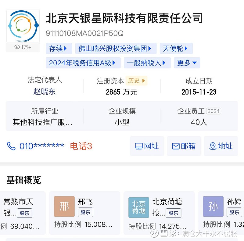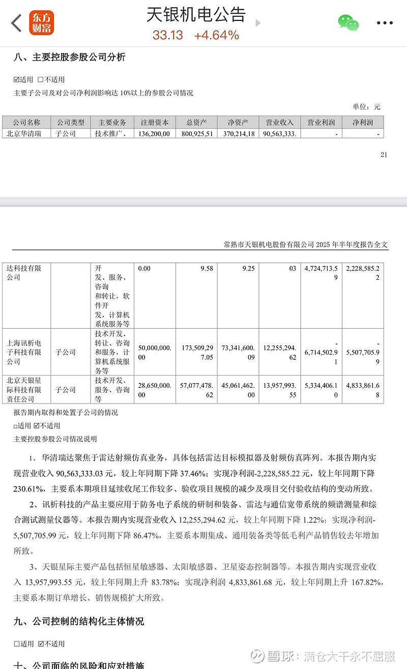 (1)股权方面,天银机电持有天银星际69%的股权。有两个小股东,邢,荷塘投资。
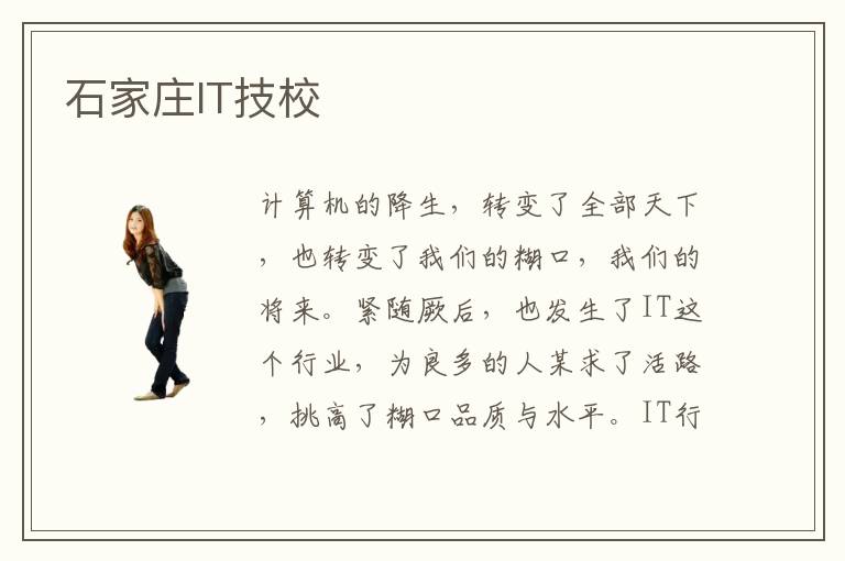 计算机的降生,转变了全部天下,也转变了我们的糊口,我们的将来。紧随厥后,也发生了IT这个行业,为良多的人某求了活路,挑高了糊口品质与水平。IT行业,社会需求量大,且待遇好,这也就吸收了愈来愈多的宅男学习相干专业,将来走向IT的途径。要想挣很多,首先就要学的好,要想学的好,那末就要选择一所各方面前提都非常硬气,本身又能完整顺应的IT技校。这里有着对石家庄IT技校的细致介绍,赐与您做恰当的参考。石家庄IT技校推荐电脑学校
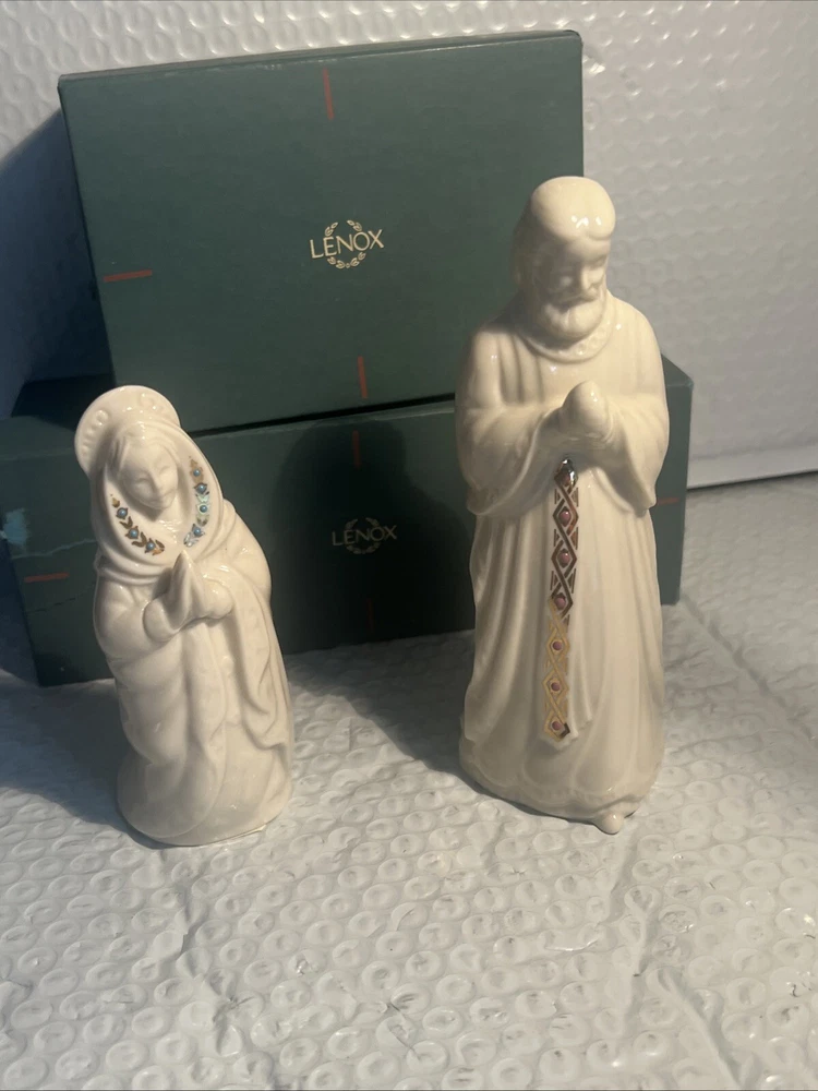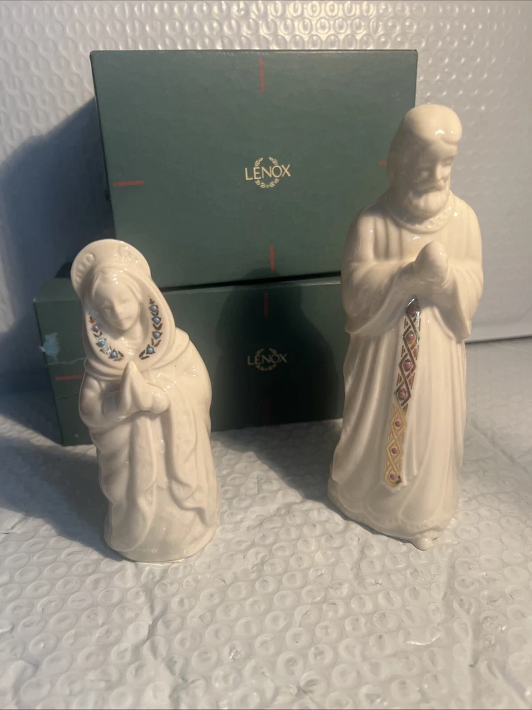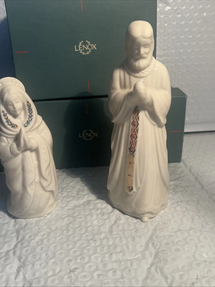 We Strive for nothing less than 5 Star FeedBack and 100% satisfied buyers! If for any reason you are not completely satisfied with your purchase before leaving feedback Please contact us with any questions or concerns. Vintage Lenox China Jewels Nativity Set Joseph & Mary 1993 Holy Family USA w Box Condition: mint w/original box condition see photos original . If there is anything wrong with the item or not as described, please contact me as soon as possible. Item is for sale as it came to us. All items pictured are included in auction. No other accessories are included in auction. please read our descriptions and check our pictures for the best item explanation before purchase. Please read the item description and look at the photos carefully before bidding We will describe the item to the best of our ability. PLEASE ASK QUESTIONS PRIOR TO BIDDING. WE WILL BE MORE THAN HAPPY TO ANSWER QUESTIONS THE BEST WE CAN Buyer assumes responsibility for all shipping and processing charges. THIS AUCTION IS FOR 1 (one) item unless otherwise specified. Bchanes27 reserves the right to end any auction at anytime! All of our items will typically ship within 1 Business day After payment is confirmed. WE ONLY ACCEPT PAYMENT THROUGH PAYPAL AND ONLY SHIP TO U.S. ADDRESSES Except Hawaii, Alaska and Puerto Rico. Be sure to check out our other items and save us as a favorite seller! Keep an eye on our auctions, you never know what we might have! We appreciate you looking at our items, Good luck and Happy Bidding
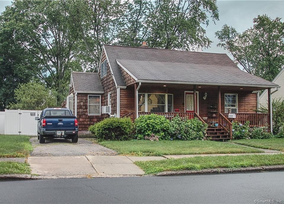 Expanded & Dormered 4 bed, 2 full bath cape with large deck and fenced in yard. Low traffic road. Enjoy morning coffee on the covered front porch. HUGE shed with upper loft - so much potential. Main level 2 beds, kitchen, living room, full bath. 2nd FL 2 beds, full bath. Partially finished basement. New water heater, new oil tank. Great potential in a desirable neighborhood.
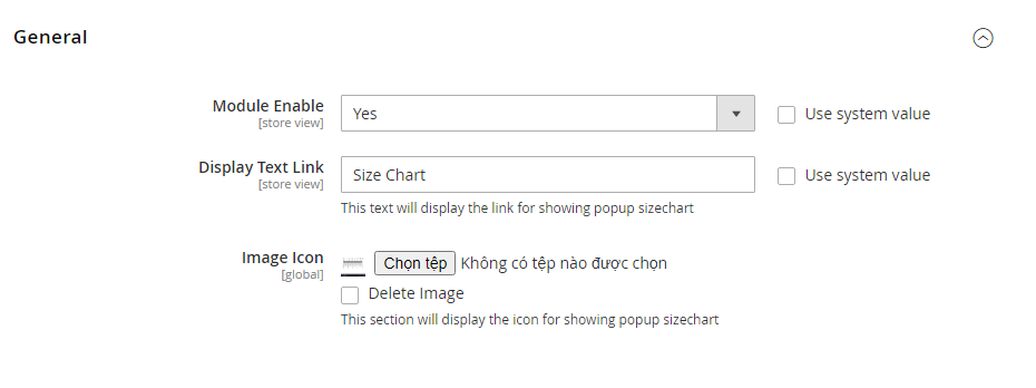 - Image icon : Select image icon (only using when user sets popup for displaying size chart)
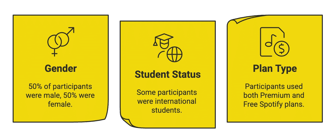 Feedback from students provided valuable insights into how Spotify could enhance its music discovery feature to better reflect diverse preferences. Participants had between 3-11 years of Spotify usage, across devices like smartphones, tablets, and computers.
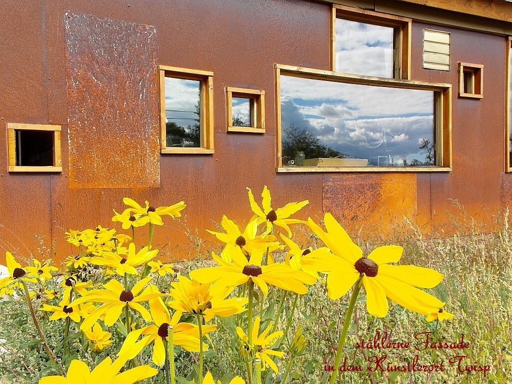 In Twisp fällt uns ein stählernes Haus ins Auge. Wir halten dahinter an … mitten auf dem Künstlerhof. Stählerne Skulpturen, Workshops, Ateliers, Modestudios, eine Radiostation.
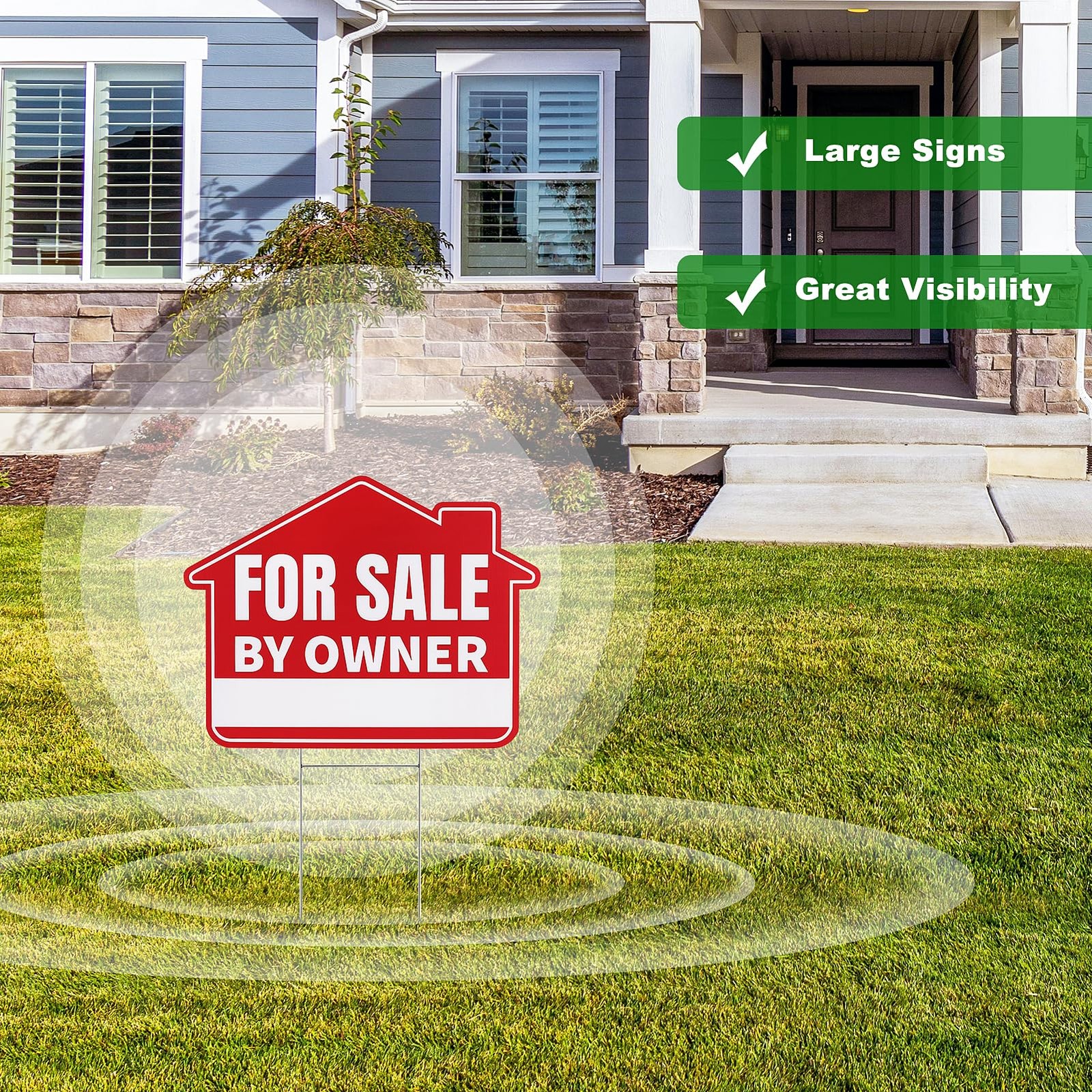 2 Pack For Sale By Owner Sign with Stakes 17 x 13 Double-Sided Yard Signs w...
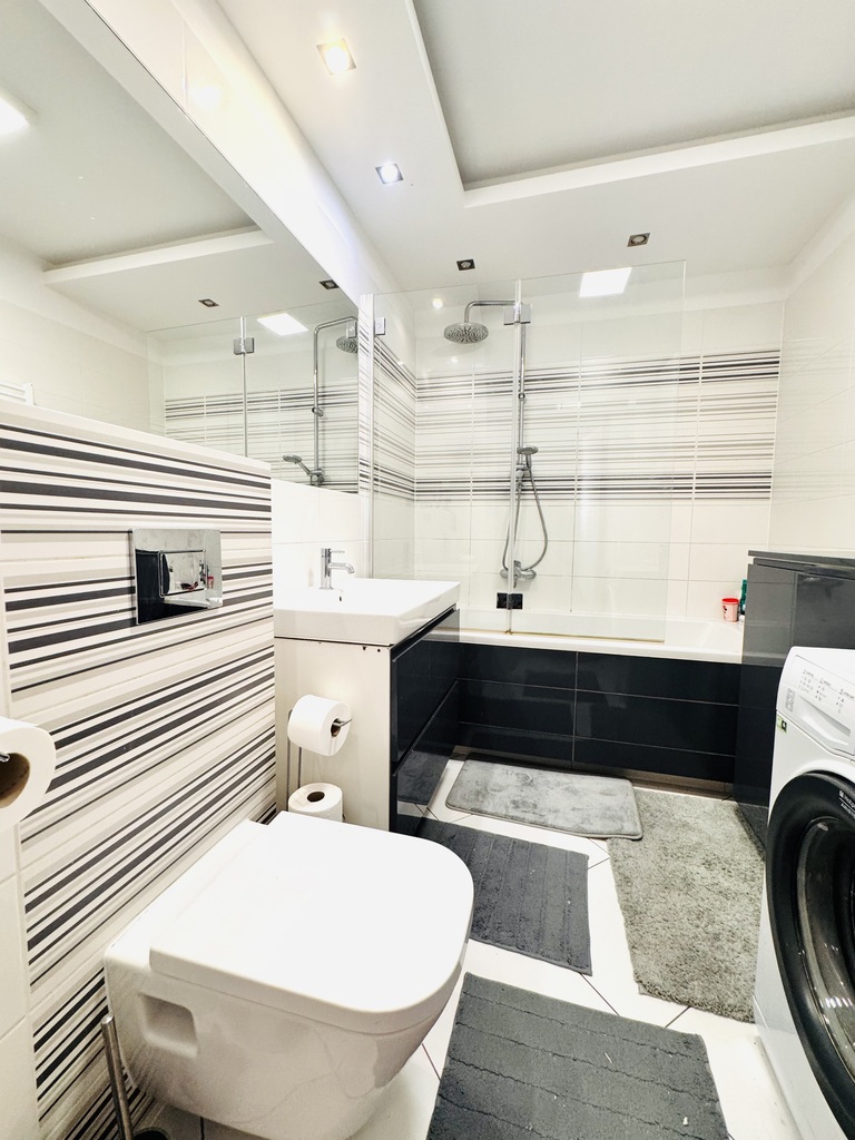 - łazienki ok. 5 m2 wyposażonej w wannę z funkcją prysznica, oraz ogrzewaną podłogę,
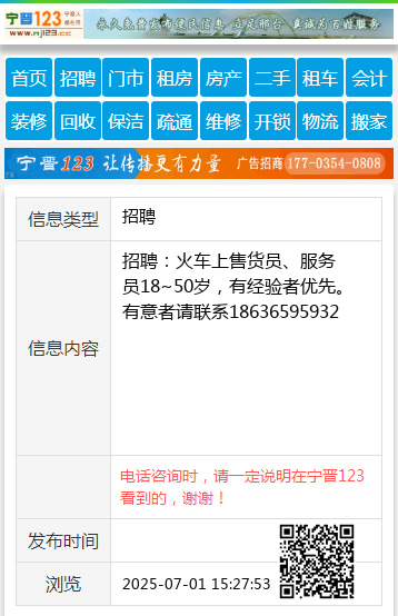招聘:火车上售货员、服务员18~50岁,有经验者优先。有意者请联系18636595932
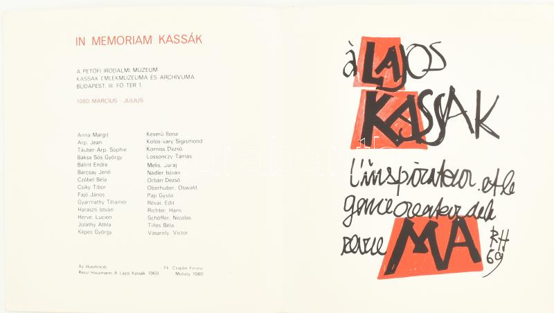 Leírás: 1980 In memoriam Kassák. A Petőfi Irodalmi Múzeum Kassák Emlékmúzeuma és Archívuma, Bp., 1980. márc - július, kiállítási katalógus, 2 sztl. lev.
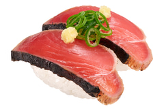 びん長まぐろをピリ辛タレで味付けした創作すし「タレ漬けびん長 青唐辛子」、一本釣りされた国産のかつおを炭焼きした「炭焼きかつおたたき」も提供する。
======
§ **Problem to work on**: Leave the images out and transcribe the remaining data above word for word.

§ **Result below**:
 (1)股权方面,天银机电持有天银星际69%的股权。有两个小股东,邢,荷塘投资。
 计算机的降生,转变了全部天下,也转变了我们的糊口,我们的将来。紧随厥后,也发生了IT这个行业,为良多的人某求了活路,挑高了糊口品质与水平。IT行业,社会需求量大,且待遇好,这也就吸收了愈来愈多的宅男学习相干专业,将来走向IT的途径。要想挣很多,首先就要学的好,要想学的好,那末就要选择一所各方面前提都非常硬气,本身又能完整顺应的IT技校。这里有着对石家庄IT技校的细致介绍,赐与您做恰当的参考。石家庄IT技校推荐电脑学校
 We Strive for nothing less than 5 Star FeedBack and 100% satisfied buyers! If for any reason you are not completely satisfied with your purchase before leaving feedback Please contact us with any questions or concerns. Vintage Lenox China Jewels Nativity Set Joseph & Mary 1993 Holy Family USA w Box Condition: mint w/original box condition see photos original . If there is anything wrong with the item or not as described, please contact me as soon as possible. Item is for sale as it came to us. All items pictured are included in auction. No other accessories are included in auction. please read our descriptions and check our pictures for the best item explanation before purchase. Please read the item description and look at the photos carefully before bidding We will describe the item to the best of our ability. PLEASE ASK QUESTIONS PRIOR TO BIDDING. WE WILL BE MORE THAN HAPPY TO ANSWER QUESTIONS THE BEST WE CAN Buyer assumes responsibility for all shipping and processing charges. THIS AUCTION IS FOR 1 (one) item unless otherwise specified. Bchanes27 reserves the right to end any auction at anytime! All of our items will typically ship within 1 Business day After payment is confirmed. WE ONLY ACCEPT PAYMENT THROUGH PAYPAL AND ONLY SHIP TO U.S. ADDRESSES Except Hawaii, Alaska and Puerto Rico. Be sure to check out our other items and save us as a favorite seller! Keep an eye on our auctions, you never know what we might have! We appreciate you looking at our items, Good luck and Happy Bidding
 Expanded & Dormered 4 bed, 2 full bath cape with large deck and fenced in yard. Low traffic road. Enjoy morning coffee on the covered front porch. HUGE shed with upper loft - so much potential. Main level 2 beds, kitchen, living room, full bath. 2nd FL 2 beds, full bath. Partially finished basement. New water heater, new oil tank. Great potential in a desirable neighborhood.
 - Image icon : Select image icon (only using when user sets popup for displaying size chart)
 Feedback from students provided valuable insights into how Spotify could enhance its music discovery feature to better reflect diverse preferences. Participants had between 3-11 years of Spotify usage, across devices like smartphones, tablets, and computers.
 In Twisp fällt uns ein stählernes Haus ins Auge. Wir halten dahinter an … mitten auf dem Künstlerhof. Stählerne Skulpturen, Workshops, Ateliers, Modestudios, eine Radiostation.
 2 Pack For Sale By Owner Sign with Stakes 17 x 13 Double-Sided Yard Signs w...
 - łazienki ok. 5 m2 wyposażonej w wannę z funkcją prysznica, oraz ogrzewaną podłogę,
招聘:火车上售货员、服务员18~50岁,有经验者优先。有意者请联系18636595932
 Leírás: 1980 In memoriam Kassák. A Petőfi Irodalmi Múzeum Kassák Emlékmúzeuma és Archívuma, Bp., 1980. márc - július, kiállítási katalógus, 2 sztl. lev.
 びん長まぐろをピリ辛タレで味付けした創作すし「タレ漬けびん長 青唐辛子」、一本釣りされた国産のかつおを炭焼きした「炭焼きかつおたたき」も提供する。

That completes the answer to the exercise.